China's role is equally ambiguous. The 15th Five-Year Plan emphasizes continued urbanization, infrastructure development, and new energy infrastructure — all copper-intensive activities. Beijing has pledged 'more proactive' fiscal policy and 'moderately loose' monetary policy for 2026. But the translation from policy language to physical copper demand is unreliable. StoneX analyst Natalie Scott-Gray cautioned in March 2026 that 'stimulus announcements do not mean highly physical demand.' Goldman Sachs estimated that China's refined copper demand fell 8% year-on-year in Q4 2025 as earlier stimulus and tariff-related front-loading faded. The property sector — historically copper's largest end-use in China through electrical wiring and HVAC systems — has not recovered from its 2020 collapse. Growth is coming from grid expansion, electric vehicle production, and exports, but these sectors do not consume copper at the same intensity per unit of GDP as property construction.

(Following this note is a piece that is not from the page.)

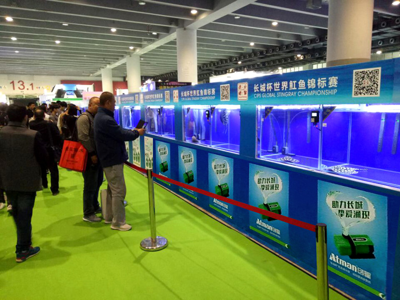 长城杯世界魟鱼锦标赛 / 2016.3.18至20 / 广州琶洲 由“长城展览”联手“中国渔业协会”共同主办,并由50多家行业协会与俱乐部共同参与的“长城杯-世界观赏鱼锦标赛”于2016年11月10-13日,在“中国国际宠物水族用品展”上开赛。 这是中国乃至全球,首次10场赛事同期上演的水族盛事。从现场参赛的鱼品种、品质、数量,到技术团队,器材供应,评委阵容,赛事奖金都为水族活体赛事树立了一个新标杆。 其中,参赛魟鱼达到80缸,黑白魟、金点魟、珍珠魟,甚至罕见的白子都齐集会场,让广大鱼友大饱眼福。同时也是一次中国渔场、经销商、鱼友、器材商、专家的大聚会。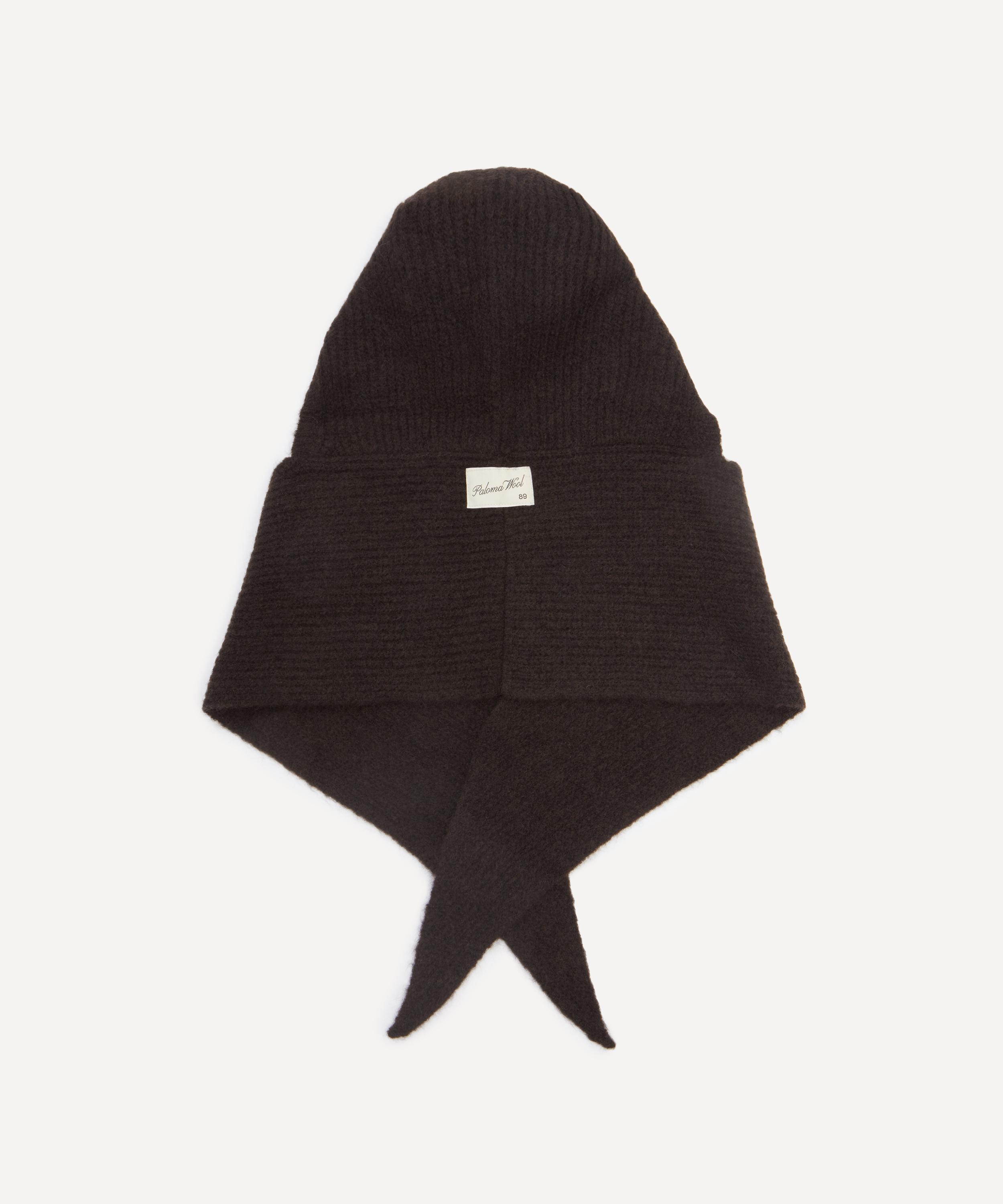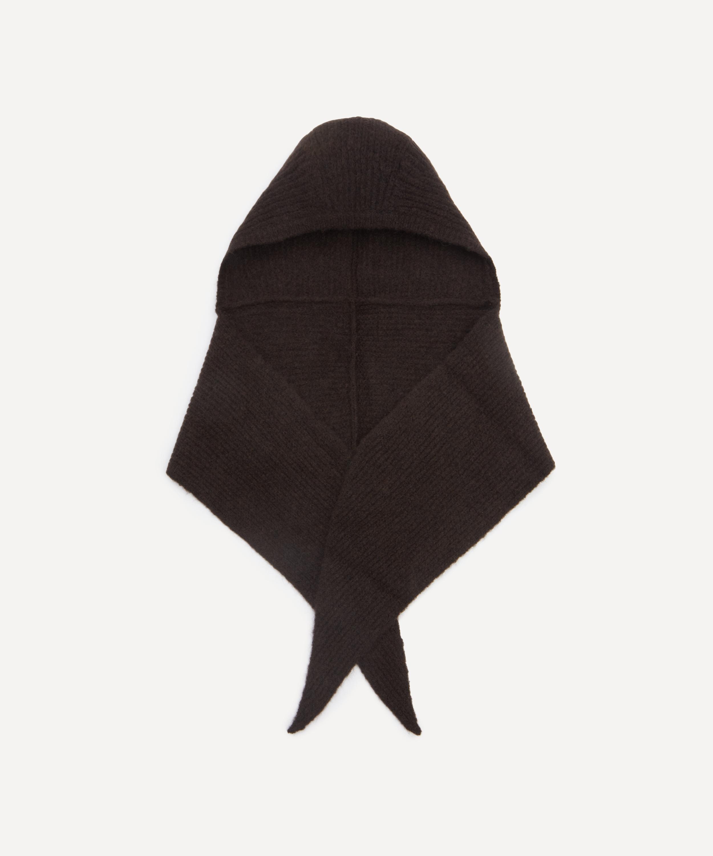 Crafted from a warming alpaca and wool blend with a slight stretch, this new season staple is designed is be worn as a hood, featuring two wide scarf extensions that can be wrapped around the neck as a scarf to lock in warmth.

The Strait of Hormuz, the channel through which roughly 20% of global oil and significant volumes of Middle Eastern metals transit, was disrupted earlier in 2026 by regional conflict. A US-Iran deal in mid-2026 reopened the strait, easing supply fears for multiple commodities. But copper's exposure is indirect — through energy costs for mining and smelting, and through sulfuric acid availability. JP Morgan estimated that if Brent oil prices were to hover around $110 per barrel for the remainder of 2026, copper demand growth could be stripped by 1.4 percentage points. Oil prices have since moderated with the strait's reopening, but the episode revealed the market's sensitivity to energy-cost transmission.
For copper buyers, the current environment demands a strategy tuned to the gap between official data and market reality. The ICSG says surplus. Contract your prices accordingly, and you may capture favorable terms if the surplus materializes and prices retreat toward Goldman's $11,100 fair value estimate. But the physical market says tightness — declining exchange inventories, negative treatment charges, and a concentrate deficit measured in hundreds of thousands of tonnes. If that narrative prevails, holding off on procurement means buying into a market where every dip is bought by speculators positioned for structural deficits.
The copper market is telling two incompatible stories. If you believe the ICSG surplus narrative, wait — prices could drift toward Goldman's $11,100/t fair value as higher mine output and weaker Chinese demand materialize in H2 2026. But if you believe the physical market signals — declining exchange inventories, negative treatment charges, and a 300,000-tonne concentrate deficit — then any price dip below $12,000/t is a buying opportunity. For contract structuring: negotiate Q4 2026 and H1 2027 fixed-price contracts now while the surplus narrative is fresh and sellers may be willing to lock in the mid-$12,000s. For spot buyers: maintain 60-90 days of inventory cover and watch two triggers — LME stocks below 200,000 tonnes (bullish) and the US tariff decision in mid-2026 (bearish if confirmed, triggering destocking). In either scenario, the US premium over LME will remain elevated through the tariff decision window. Budget for a $300-500/t premium on COMEX-priced material.